🚧 Website under construction 🚧
We are working on delivering a pre-print and open-sourcing the codebase for everyone to use as soon as possible. If you have questions, feedback, ideas, or are interested in using REALM please feel free to reach out to Martin Sedlacek.
REALM is a large-scale real-to-sim aligned simulation environment and benchmark for generalization
in robotic manipulation. It supports 7 distinct manipulation skills and stress-tests them
against 15 perturbations. Through empirical validation, we show that evaluation results in
simulation are strongly correlated to real-world performance.

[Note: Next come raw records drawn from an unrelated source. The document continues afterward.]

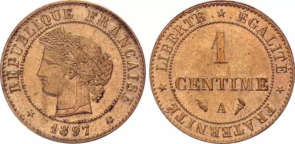 La pièce de 1 centime Cérès 1897 A, frappée à Paris (atelier identifié par la lettre "A"), fait partie des dernières frappes en bronze de la Troisième République française pour cette dénomination. Elle pèse environ 1 gramme et mesure 15 mm de diamètre. L?avers représente le buste de Cérès, déesse romaine de l?agriculture, coiffée d?une couronne composée d?épis, de feuilles de chêne et d?olivier, entourée de la légende "RÉPUBLIQUE FRANÇAISE". Le revers indique la valeur "1 CENTIME", l?année "1897", la lettre d?atelier "A", et un différent en forme de torche placé sous la date, symbole utilisé par le graveur général Henri-Auguste Patey, successeur de Jean Lagrange. L?ensemble est encerclé par une couronne de laurier.
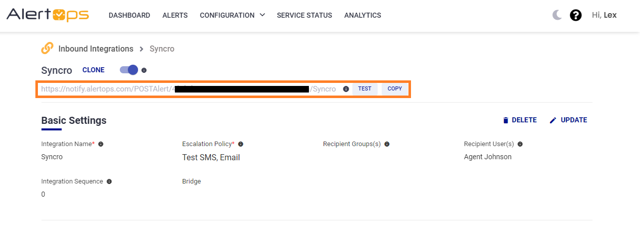 - Copy the integration URL to use in the Syncro configuration.
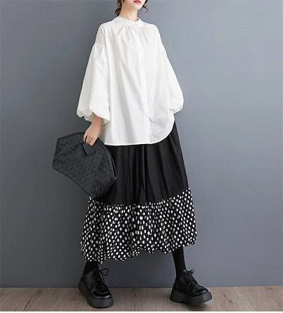 バルーンスカート ロングスカート レディース コクーンスカート ゆったり コクーン バルーン スカート ドット柄 aライン 春 夏 秋 ロング ウエストゴム ボトムス ゆる 体型カバー 総ゴム 美脚
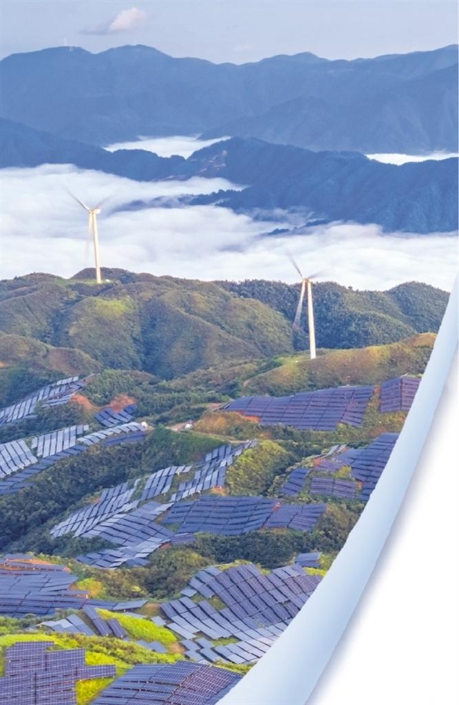 黔东南州锦屏县固本乡青山界,光伏太阳能电池板和风电机组与晨雾、远山、朝霞相映成景。 李必祥 摄(影像贵州)
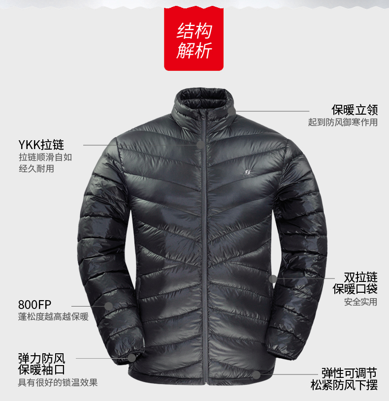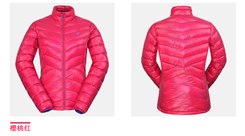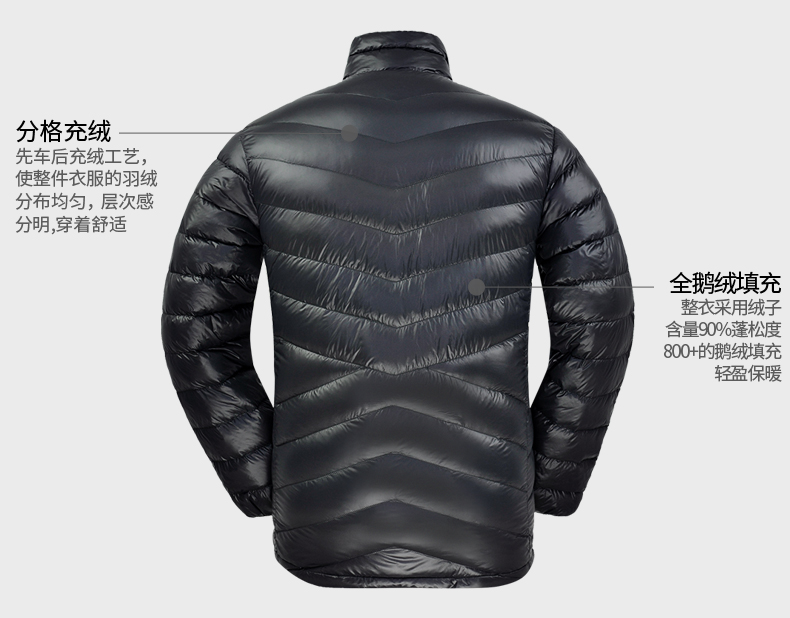充绒:都较为轻薄,女款60克(M码),男款68克(M码),均填充800蓬高蓬松度鹅绒,可以穿的又轻又暖;
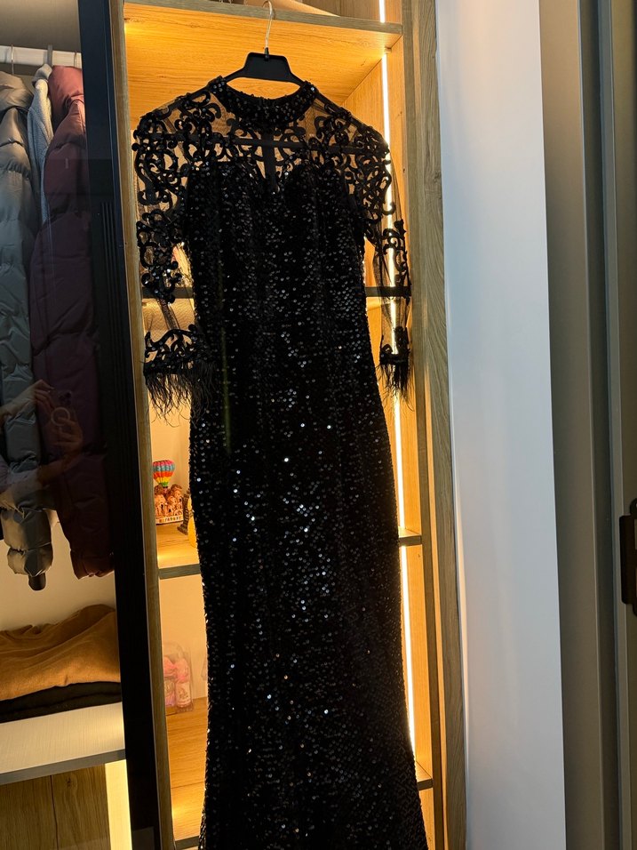 Siyah, drapeli, uzun kollu ve yüksek yakalı, gotik tarzda desenli, klasik şıklıkta uzun ve vücuda oturan abiye elbise. ✨ Bir kez giyildi kusuru yok çok güzel parça

Vision-Language-Action (VLA) models empower robots to understand and execute tasks described by natural language instructions. However, a key challenge lies in their ability to generalize beyond the specific environments and conditions they were trained on. It is presently difficult to gain reliable insights into how these models adapt to unseen conditions and scenarios, as real-world evaluation is prohibitively expensive to scale and many current simulation benchmarks are saturated or lack the realism required to serve as a proxy for real-world performance. To address this gap, we present REALM, a new simulation environment and benchmark designed to evaluate the generalization capabilities of VLA models, with a specific emphasis on establishing a strong correlation between simulated and real-world performance through high-fidelity visuals and robot control alignment. Our environment offers a unified suite of 15 perturbation factors from 3 categories, some of which were previously unaddressed or scattered across multiple benchmarks and simulation frameworks. We support 7 common manipulation skills on the DROID robot platform and a highly diverse set of objects, which can be used to create hundreds of tasks. Finally, we establish two task sets that form our benchmark and evaluate the π₀, π₀-FAST, and GR00T N1.5 VLA models, showing that generalization and robustness remain an open challenge.
"Pick up the spoon."
Description of the perturbations used in our approach.
Sim-to-real validation of REALM. Task progression is shown in the real-world (x-axis) and simulation (y-axis). Left: We show a strong Pearson correlation (r) with datapoints close to identity (gray dashed line) and a low Mean Maximum Rank Violation (MMRV) on 7 tasks under 5 visual and behavioral perturbations. Right: The results are also highly correlated under individual perturbations. We observe a p-value of p < 0.001 for all settings indicating that REALM has a strong and statistically significant real-to-sim alignment.
Visualization of the control alignment. A trajectory replay in simulation with default robot control (left) and our aligned control (right). Yellow trajectory represents the ground truth from a real robot and blue is from simulation. Our control alignment results in significantly more realistic trajectory following.
Attention maps from the π0 action expert. We replay the same robot trajectory solving a task in reality (top) and simulation (bottom) and observe that the model largely attends to similar patches. We compute the cosine similarity between the attention maps from real and simulated images averaged over approx. 280 frames in the video and all layers and attention heads in the π0 action expert during the last step of the flow matching process, yielding a high similarity score of 0.85/1.
This section presents a detailed evaluation of three VLAs under 15 distinct perturbations on selected tasks from the REALM benchmark.
Results on 8 tasks in the REALm-base task set spanning 5 basic manipulation skills.
Binary success rate:
Success Rate (y-axis) on the REALM-base task set (x-axis). The Violin plots [29] show Bayesian posteriors of success rates under a uniform Beta prior and the observed data.
Time to completion. Average time to (successfully) complete a task for each model and task in REALM-base task set. The time in seconds is obtained by dividing the number of timesteps in simulation by the control frequency (fixed), thus not accounting for model inference times and latency.
In this work, we introduced REALM: a new high-fidelity simulation environment and benchmark for generalization in robotic manipulation and perform extensive real-to-sim validation showing that our results can serve as a good proxy for real-world performance. We then evaluate three VLAs under 15 perturbation factors and show that generalization and robustness is still far from solved for these models. Based on the extensive experiments conducted, we also draw the following conclusions:
While we recognize the tremendous progress that enabled VLAs to start performing manipulation tasks in unseen settings, including many scenes in our simulation, we believe these results strongly indicate that current models still lack the capabilities for any autonomous real-world deployment.